Fazit: Die Entscheidung, welches Modell für Euch das Richtige ist, müsst ihr schon selbst treffen.

 

Innenausstattung:

Um ein Replica so originalgetreu wie möglich zu machen, muss auch die Innenausstattung der eines 1982er Trans Am entsprechen.

 

Hierzu zählen in erster Linie:

 

- Mittelkonsole mit kurzem Staufach
- Runder Schaltknauf des Automatikgetriebes
- Beige Polster und Verkleidungsteile
- PMD-Frontsitze

 

centerconsole Da diese Ausstattung leider nur bis 1984 verbaut wurde, ist es heutzutage denkbar schwer, an passende Teile zu kommen. Allerdings findet sich das ein oder andere Stück hin und wieder bei Onlineauktionshäusern wie z.B. Ebay.
Bei der Mittelkonsole kann auch zum Vergleichsmodell aus einem Camaro gegriffen werden. Diese ist der Firebirdkonsole, bis auf zusätzliche, seitliche Lüftungsöffnungen sehr ähnlich.

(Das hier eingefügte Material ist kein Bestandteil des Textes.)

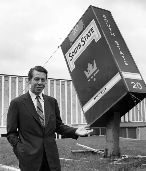 Portrett av Johan Henrik Andresen fremfor en reklameskilt i form av en South State sigarettpakke.

Etwas problematisch wird es jedoch im Bereich des Staufachschließers: da dieser minimal größer ist als die Variante im Firebird, kann die Lower Console (KITTs beleuchtetes Schaltpult der Mittelkonsole) nicht passend montiert werden.

 

 

 

KITT-spezifische Anbauteile:

Unter diese Kategorie fällt alles, was auschließlich für den Knight 2000 entworfen wurde:

 

- Frontnose
- Scanner
- Dashboard
- Dashboard Elektronik
- Switchpod
- Gullwing Lenkrad
- Overhead Console
- Lower Console
- Black Taillight Cover

 

Bei den KITT-Teilen muss man zwischen den möglichen Staffeln unterscheiden – beachte hierzu bitte den Menüpunkt „Der Knight 2000“.

 

Unter Produkt-Favoriten findet Ihr eine Übersicht aller von mir empfohlenen Replicateile!

 

Falls Du nicht weißt, was der ein oder andere Begriff bedeutet, wirf einfach einen Blick auf den Bereich "Fachbegriffe".

 

 

Mein wichtigster Rat:

Ein Replica baut man nicht in zwei Tagen und erst recht nicht mit Taschengeld. Wer immer alles möglichst billig haben möchte, sollte lieber gar nicht erst anfangen! Selbstverständlich kann man hier und da mal ein Schnäppchen machen, die Regel ist das aber nicht! Wer Qualität möchte, muss auch den entsprechenden Preis dafür bezahlen- Qualität kostet nunmal Geld, auch wenn manche Hersteller gerne etwas anderes behaupten. Wer nur auf den Preis schaut, wird diese Denkweise früher oder später durch Mehrarbeit oder Neukauf mit viel Lehrgeld bezahlen. Und auch der noch so gut durchdachte Sparkurs ist dahin, wenn die erste außerplanmäßige Reparatur ansteht. 500 Euro sind beim Replicabau keine erwähnenswerte Ausgabe und steht häufiger an als erwartet!
Informiert Euch in den einschlägigen Diskussionsforen über die Qualität der Teile, die Euch interessieren- vielleicht bringen Euch ja auch die Produktvergleiche und -tests auf dieser Internetseite ein Stückchen weiter.